When I Met Al Franken

Now that Minnesota's senatorial election has at long last been settled, the truth can finally be told.

I met Al Franken in 1980, when we were both supporting a Republican candidate for President. I was a junior at St. Olaf College, a Lutheran liberal arts college across Northfield, Minnesota from Carleton College. Minnesota's presidential caucuses that year would be held on the same day as the New Hampshire primary; then as now, New Hampshire got the overwhelming majority of the media and candidates' attention. After all, local party members around Minnesota were only electing delegates to the next round of state caucuses.

Like many college students that winter, I supported John Anderson for president. Canvassing for the Republican party, I found very few Republicans who supported the eventual nominee, Ronald Reagan; in fact, some Republicans told me they were horrified at the prospect of his nomination. College students, particularly St. Olaf students, overwhelmed the Northfield caucus on election day, producing a lopsided supermajority for Anderson. (George H.W. Bush came in second, Reagan a distant third.) By the time the state caucus was held, Republicans who didn't live in college towns turned the state delegation solidly for Reagan, but that's getting way afield of this story.
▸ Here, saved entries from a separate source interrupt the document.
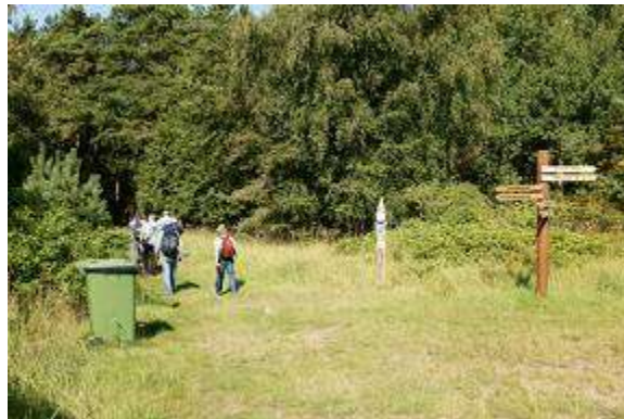
Kājnieku maršruts Aegnas salā

Aegnas (zviedru - Ulfsö, vācu - Wulf) sala atrodas 14 km ziemeļos no Tallinas ostas. Uz salas savulaik bija uzceltas krasta apsardzes baterijas Tallinas aizsardzībai pret uzbrukumiem no jūras puses. Tās "mainīja" savus īpašniekus, esot krievu, vācu, igauņu, tad atkal krievu, atkal vācu, pēc tam Padomju armijas krasta apsardzes baterijas. Aegnas sala ir unikāls kara vēstures "rezervāts". Sala pieder Tallinas pašvaldībai. Tā uz salas ir izveidojusi marķētus kājnieku un velo tūrisma maršrutus, informācijas standus, uzstādījusi atkritumu tvertnes. Uz salu var nokļūt no Tallinas ostas ar kuģīti vai privātām laivām.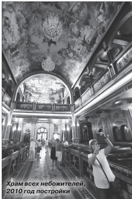
Храм всех небожителей, 2010 год постройки

В целом, тогдашнее, книжное представление о Египте оказалось в некотором противоречии с реальностью – пирамиды стоят не в пустынном месте, а рядом с многомиллионным Каиром, практически, через дорогу. Каир полон контрастов, возводятся небоскребы, а неподалеку улицы с пест, в склепах, на склепах, между склепами живут десятки тысяч людей. Многие мужчины и подавляющее большинство женщин ходят в арабской одежде – она очень удобна в этом жарком климате. Маленькая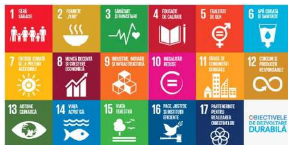
Figure 1. Sustainable Development Goals (ODG/SDGs)

Although, initially, it was only desired to preserve the quality of the environment in the affected geosystems, later, the concept of sustainability was reformulated as durability. Thus, in September 2015, within the UN General Assembly, leaders of countries around the world assumed the 2030 Agenda for sustainable development and adhered to 17 Sustainable Development Goals (ODG/SDGs), as follows: (1) No poverty, (2) No Hunger, (3) Health and Welfare, (4) Quality Education, (5) Gender Equality; (6) Clean water, (7) Affordable clean energy, (8) Decent work and economic growth, (9) Industry, innovation and infrastructure, (10) Reduced inequality, (11) Sustainable cities and communities, (12) Responsible consumption and production, (13) Climate action, (14) Life underwater, (15) Life on land, (16) Peace, justice and strong institutions, and (17) Partnership to achieve the Goals [11]. (Fig. 1).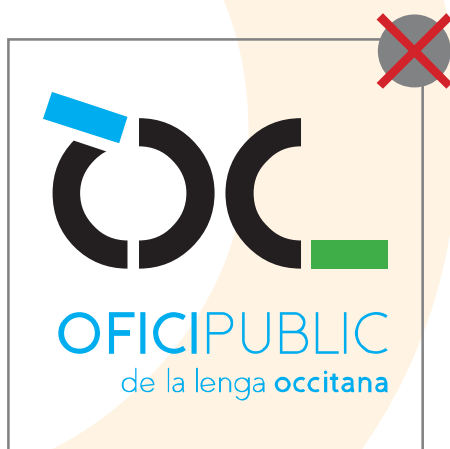
1 > ne pas modifier les couleurs

Le logotype doit être utilisé et reproduit sans aucune altération. Son dessin, sa typographie et ses couleurs ne peuvent être modifiés.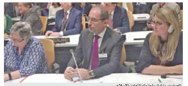
الصفدي يشارك باجتماع التعاون الاسلامي

نيويورك-بترا-شارك وزير الخارجية وشؤون المغتربين أيمن الصفدي، امس الاول الثلاثاء، في اجتماع فريق اتصال منظمة التعاون الإسلامي المعني بالروهينغيا الذي عقد على هامش أعمال الجمعية العامة للأمم المتحدة في نيويورك.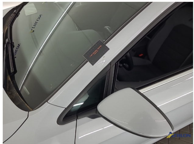
1. Dakframe - links Krassen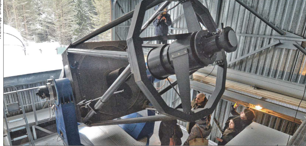
Научные исследования проводятся не только в институтах УрО РАН, но и в университетах. На фото – звёздный телескоп диаметром 1,2 метра, который установлен в Ковровской астрономической обсерватории УрФУ в 2009 году. Телескоп позволяет получить самые разные данные о звезде: узнать её температуру, массу, возраст, характеристики магнитного поля и силу тяжести на поверхности. Недавно в обсерватории появился новый телескоп, о нём читайте подробнее в ближайших «Новостях науки»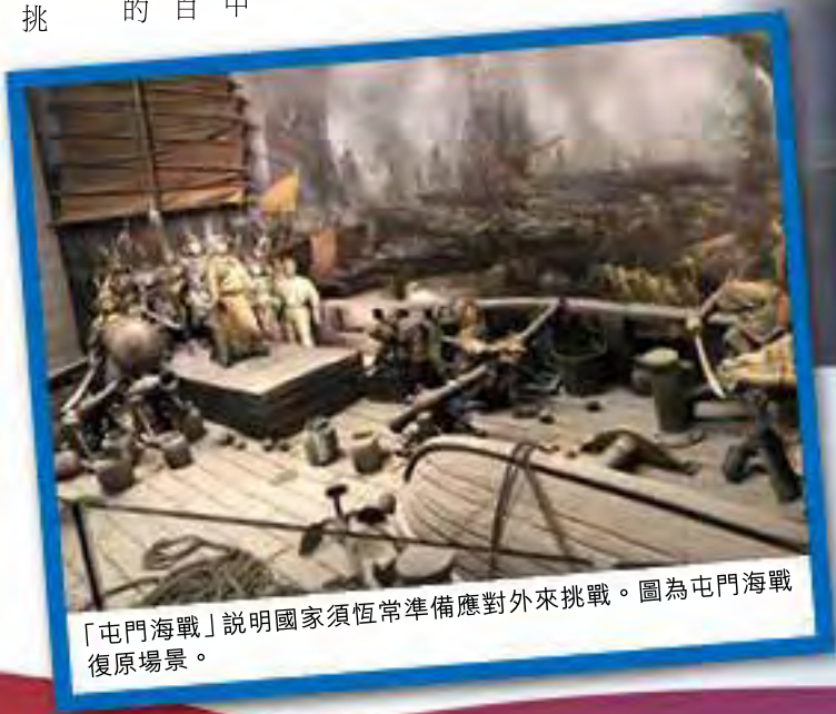
「屯門海戰」說明國家須恆常準備應對外來挑戰。圖為屯門海戰復原場景。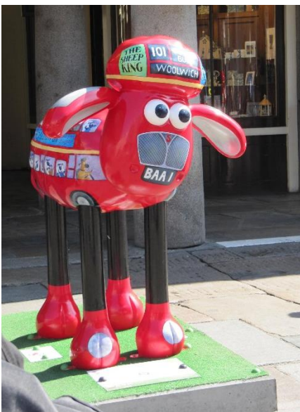
Another one rides the bus , version « double-decker bus »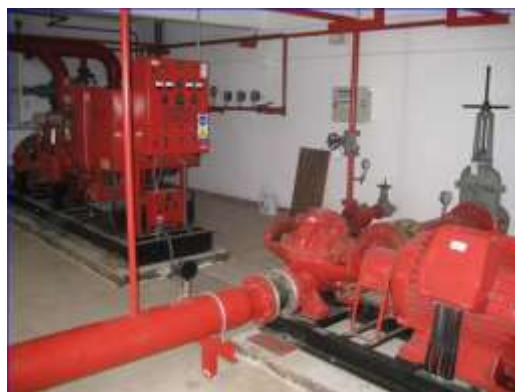
Figura 30 - Grupo eléctrico y grupo diésel principales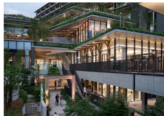
WITH HARAJUKU (『商店建築』2020年9月号掲載)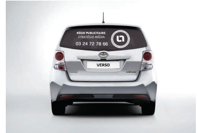
MICRO PERFORÉ 1,5 M X 0,5 M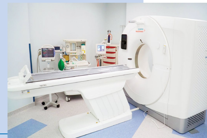
Equipamentos de última geração estão disponíveis no novo Centro de Medicina Diagnóstica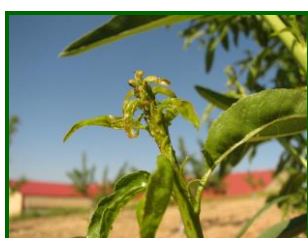
Colonia de pulgones

Se detecta presencia de colonias de pulgones, Hyalopterus amygdali (Pulgón harinoso) de forma generalizada en las parcelas muestreadas en Córdoba, con una media provincial del 13'3 % de brotes ocupados a principio de mes y del 35 % a final del mismo. Se alcanza un máximo de 11% de brotes ocupados, para ir descendiendo hasta un 1'5 % a final de mes y registrado en el 75 % de las parcelas.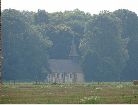
La chapelle Saint-Léger (vue lointaine)

Back to preparing for the caucuses. While Anderson, Bush, Reagan, John Connally, Howard Baker and Phil Crane were busily campaigning in New Hampshire, they sent surrogates to Minnesota. Anderson's surrogate to college campuses was Al Franken, a Minnesota-bred writer on Saturday Night Live. He appeared on the show in a deconstruction of comedy team conventions, playing Costello/Lewis/Tom to the Abbott/Martin/Dick of Tom Davis. The bit would open with an animated caricature of the Franken and Davis duo.

The guys running the St. Olaf campaign for John Anderson approached me in advance of a visit to the campus by Al Franken to ask me to draw a poster advertising the event. The obvious idea to me was to draw a take-off of the Franken & Davis cartoon, substituting John Anderson's head on the lankier Tom Davis body. My problem was that when Saturday Night Live was broadcast that weekend, there was no Franken & Davis bit on the show. And with no internet, Hulu, or even video casette to refer to, I had to draw the cartoon completely (except for the easily found pictures of Anderson) from memory.

My fellow students thought my cartoon was just swell anyway, and got the idea that when Franken came to campus, I should present the poster to him. They arranged for the presentation to take place at lunch in the school cafeteria. What any of us thought Mr. Franken would want with the black marker drawing on 3.5' by 2' blue poster board is anybody's guess. What happened was this.

Franken took a look at the poster and made a comment that it was almost, but not quite right. With a magic marker, he then drew an e-NORRRRRRR-mous phallus protruding from his crotch, right across John Anderson and into the advertising copy.

I'm pretty sure he didn't keep the poster. I know I didn't. Maybe somebody in the Students for Anderson group held onto it for a semester or so. We certainly didn't bring it to the caucus.